Phonation features¶

Created on Jul 21 2017

@author: J. C. Vasquez-Correa

class phonation.Phonation¶

Compute phonation features from sustained vowels and continuous speech.

For continuous speech, the features are computed over voiced segments

Seven descriptors are computed:

First derivative of the fundamental Frequency
Second derivative of the fundamental Frequency
Jitter
Shimmer
Amplitude perturbation quotient
Pitch perturbation quotient
Logaritmic Energy

Static or dynamic matrices can be computed:

Static matrix is formed with 29 features formed with (seven descriptors) x (4 functionals: mean, std, skewness, kurtosis) + degree of Unvoiced

Dynamic matrix is formed with the seven descriptors computed for frames of 40 ms.

Notes:

In dynamic features the first 11 frames of each recording are not considered to be able to stack the APQ and PPQ descriptors with the remaining ones.
The fundamental frequency is computed the RAPT algorithm. To use the PRAAT method, change the “self.pitch method” variable in the class constructor.

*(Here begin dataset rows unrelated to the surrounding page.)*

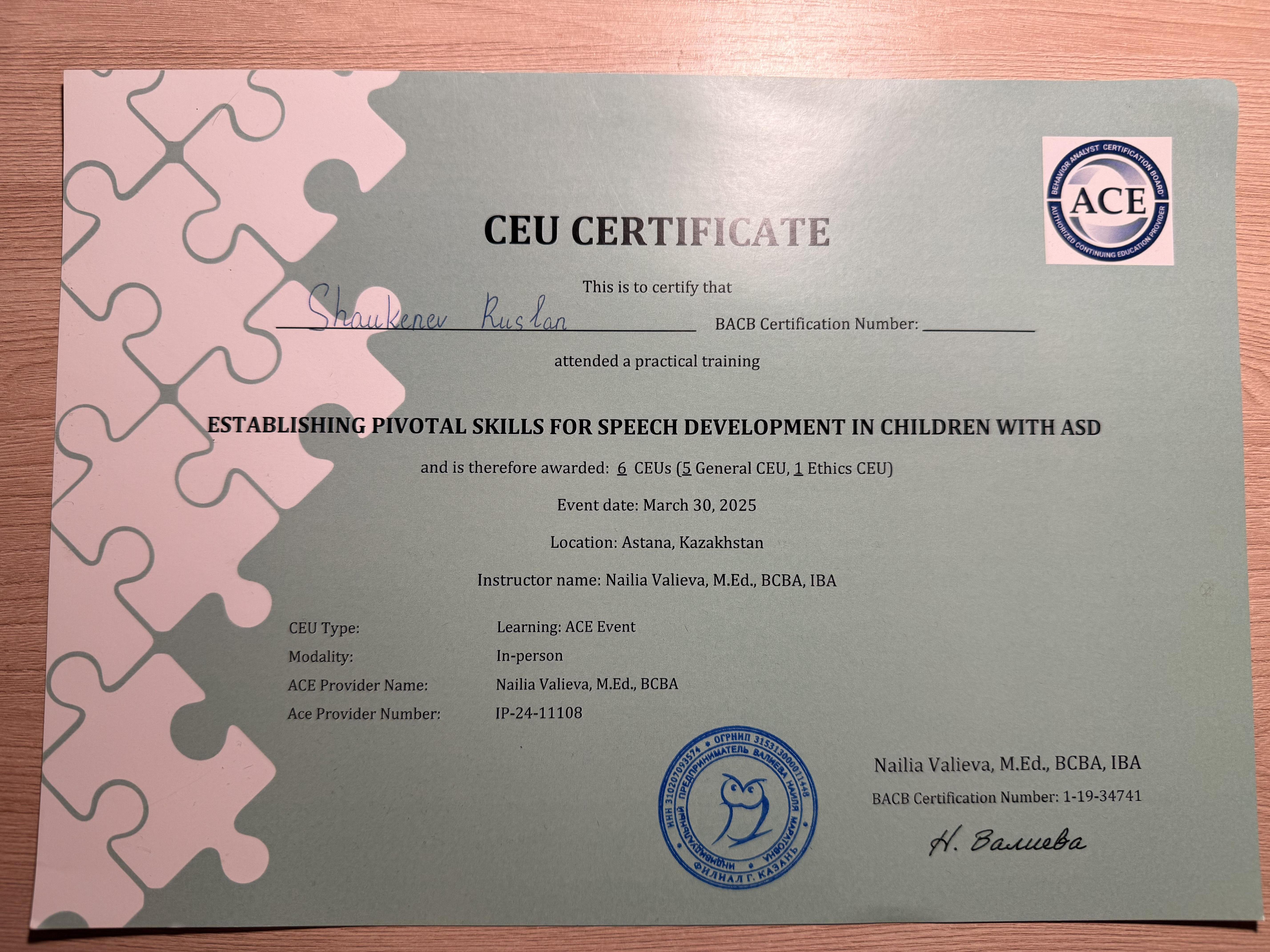 30.03.2025 Формирование ключевых навыков для развития речи у детей с РАС, в объеме 7 часов. Ведущий тренинга ВСВА Наиля ВалиеваВысшее, психолог
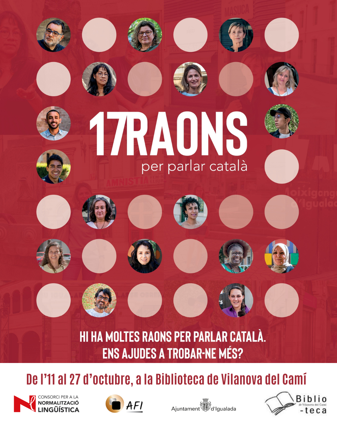L'exposició fotogràfica "17 raons per parlar català" recull el testimoni de 17 persones de diferents àmbits de la societat igualadina que, tot i que van néixer fora de Catalunya, han adoptat el català com a llengua d'ús habitual. Aquestes persones ens demanen que els parlem en català, que defugim prejudicis i que evitem el costum de canviar de llengua amb qui pensem que és foraster.
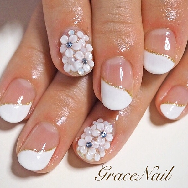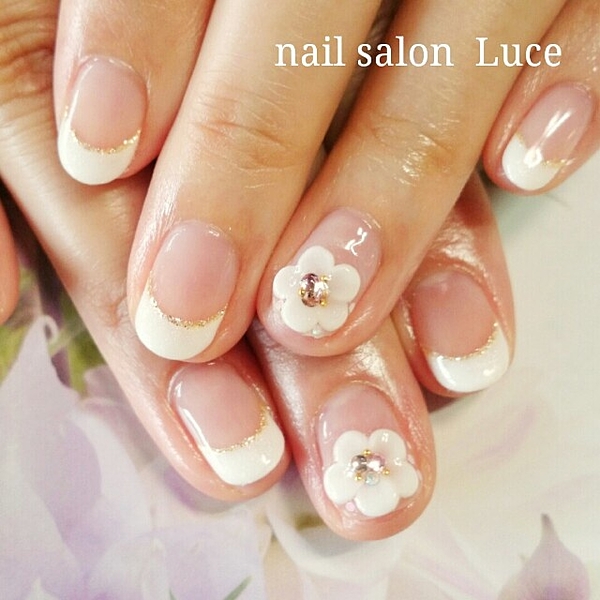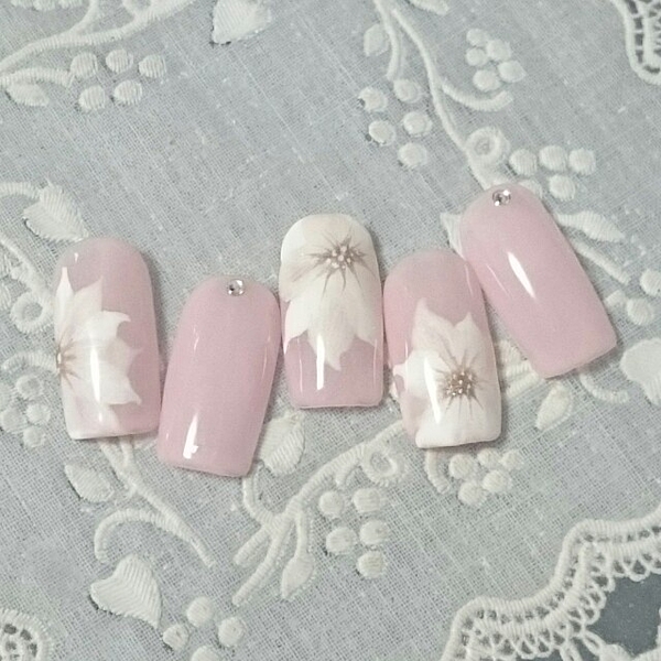 フラワーモチーフはちらっと描くだけでも華やかさが出ますからウエディングネイルには最適です。

Script is called as follows

>>> python phonation.py <file_or_folder_audio> <file_features> <static (true or false)> <plots (true or false)> <format (csv, txt, npy, kaldi, torch)>

Examples command line:

>>> python phonation.py "../audios/001_a1_PCGITA.wav" "phonationfeaturesAst.txt" "true" "true" "txt"
>>> python phonation.py "../audios/098_u1_PCGITA.wav" "phonationfeaturesUst.csv" "true" "true" "csv"
>>> python phonation.py "../audios/098_u1_PCGITA.wav" "phonationfeaturesUdyn.pt" "false" "true" "torch"

>>> python phonation.py "../audios/" "phonationfeaturesst.txt" "true" "false" "txt"
>>> python phonation.py "../audios/" "phonationfeaturesst.csv" "true" "false" "csv"
>>> python phonation.py "../audios/" "phonationfeaturesdyn.pt" "false" "false" "torch"

Examples directly in Python

>>> from disvoice.phonation import Phonation
>>> phonation=Phonation()
>>> file_audio="../audios/001_a1_PCGITA.wav"
>>> features=phonation.extract_features_file(file_audio, static, plots=True, fmt="numpy")
>>> features2=phonation.extract_features_file(file_audio, static, plots=True, fmt="dataframe")
>>> features3=phonation.extract_features_file(file_audio, dynamic, plots=True, fmt="torch")

>>> path_audios="../audios/"
>>> features1=phonation.extract_features_path(path_audios, static, plots=False, fmt="numpy")
>>> features2=phonation.extract_features_path(path_audios, static, plots=False, fmt="torch")
>>> features3=phonation.extract_features_path(path_audios, static, plots=False, fmt="dataframe")

extract_features_file(audio, static=True, plots=False, fmt='npy', kaldi_file='')¶

Extract the phonation features from an audio file

Parameters:	audio – .wav audio file. static – whether to compute and return statistic functionals over the feature matrix, or return the feature matrix computed over frames plots – timeshift to extract the features fmt – format to return the features (npy, dataframe, torch, kaldi) kaldi_file – file to store kaldi features, only valid when fmt==”kaldi”
Returns:	features computed from the audio file.

>>> phonation=Phonation()
>>> file_audio="../audios/001_a1_PCGITA.wav"
>>> features1=phonation.extract_features_file(file_audio, static=True, plots=True, fmt="npy")
>>> features2=phonation.extract_features_file(file_audio, static=True, plots=True, fmt="dataframe")
>>> features3=phonation.extract_features_file(file_audio, static=False, plots=True, fmt="torch")
>>> phonation.extract_features_file(file_audio, static=False, plots=False, fmt="kaldi", kaldi_file="./test")

extract_features_path(path_audio, static=True, plots=False, fmt='npy', kaldi_file='')¶

Extract the phonation features for audios inside a path

Parameters:

path_audio – directory with (.wav) audio files inside, sampled at 16 kHz
static – whether to compute and return statistic functionals over the feature matrix, or return the feature matrix computed over frames
plots – timeshift to extract the features
fmt – format to return the features (npy, dataframe, torch, kaldi)
kaldi_file – file to store kaldifeatures, only valid when fmt==”kaldi”

Returns:

features computed from the audio file.

>>> phonation=Phonation()
>>> path_audio="../audios/"
>>> features1=phonation.extract_features_path(path_audio, static=True, plots=False, fmt="npy")
>>> features2=phonation.extract_features_path(path_audio, static=True, plots=False, fmt="csv")
>>> features3=phonation.extract_features_path(path_audio, static=False, plots=True, fmt="torch")
>>> phonation.extract_features_path(path_audio, static=False, plots=False, fmt="kaldi", kaldi_file="./test.ark")

plot_phon(data_audio, fs, F0, logE)¶

Plots of the phonation features

Parameters:	data_audio – speech signal. fs – sampling frequency F0 – contour of the fundamental frequency logE – contour of the log-energy
Returns:	plots of the phonation features.